Private university in Japan

Kagawa Nutrition University (女子栄養大学, Joshi Eiyō Daigaku) is a private university in Japan.

The university has two campuses, one in Sakado, Saitama and the other in Komagome, Toshima, Tokyo. The Sakado campus contains all undergraduate and postgraduate courses.
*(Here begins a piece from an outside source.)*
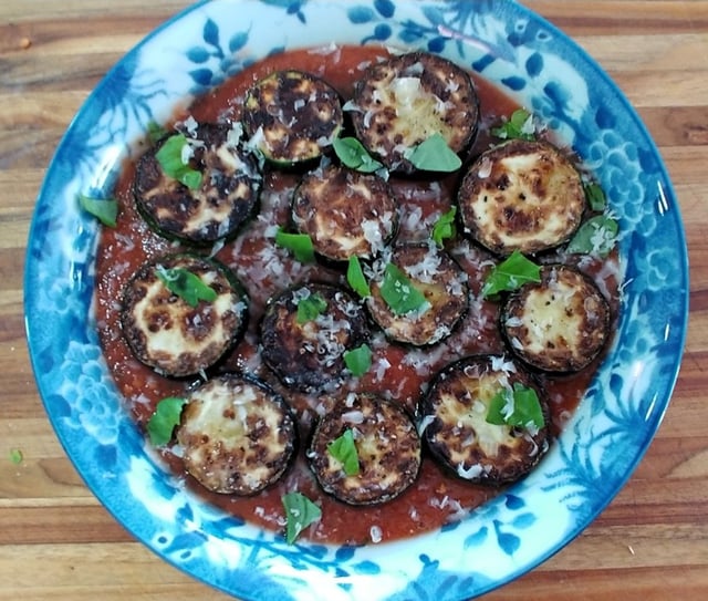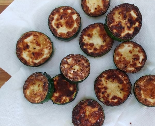 - After about 2 minutes, check the browning. Once dark enough for your taste, remove the zucchini rounds to your paper towel-lined plate. If you need to keep them warm while the rest of your meal finishes cooking, place them in a warm oven for about 15 minutes.
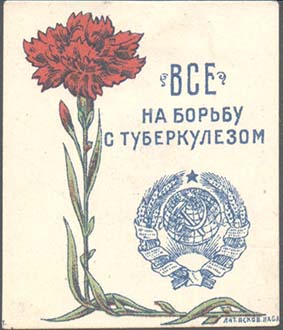 1924 г. 23.-24.04.1924 г. Разм. 46 х 57 мм. Трехцветная печать на белой бумаге. Слева цветок гвоздики с загнутым горизонтально стеблем. Справа в верхнем углу текст в три строки: «Все на борьбу с туберкулезом». Справа внизу герб СССР с шестью лентами. В правом нижнем углу мелким шрифтом выходные да…

The Komagome campus houses the Evening Department, junior college, and vocational college.

==History==
The school was first founded in 1948 as the Kagawa Nutrition Education Foundation (香川栄養学園, Kagawa Eiyō Gakuen). In 1950, the Kagawa Education Foundation established the Kagawa Nutrition Junior College (女子栄養短期大学, Joshi Eiyō Tanki Daigaku).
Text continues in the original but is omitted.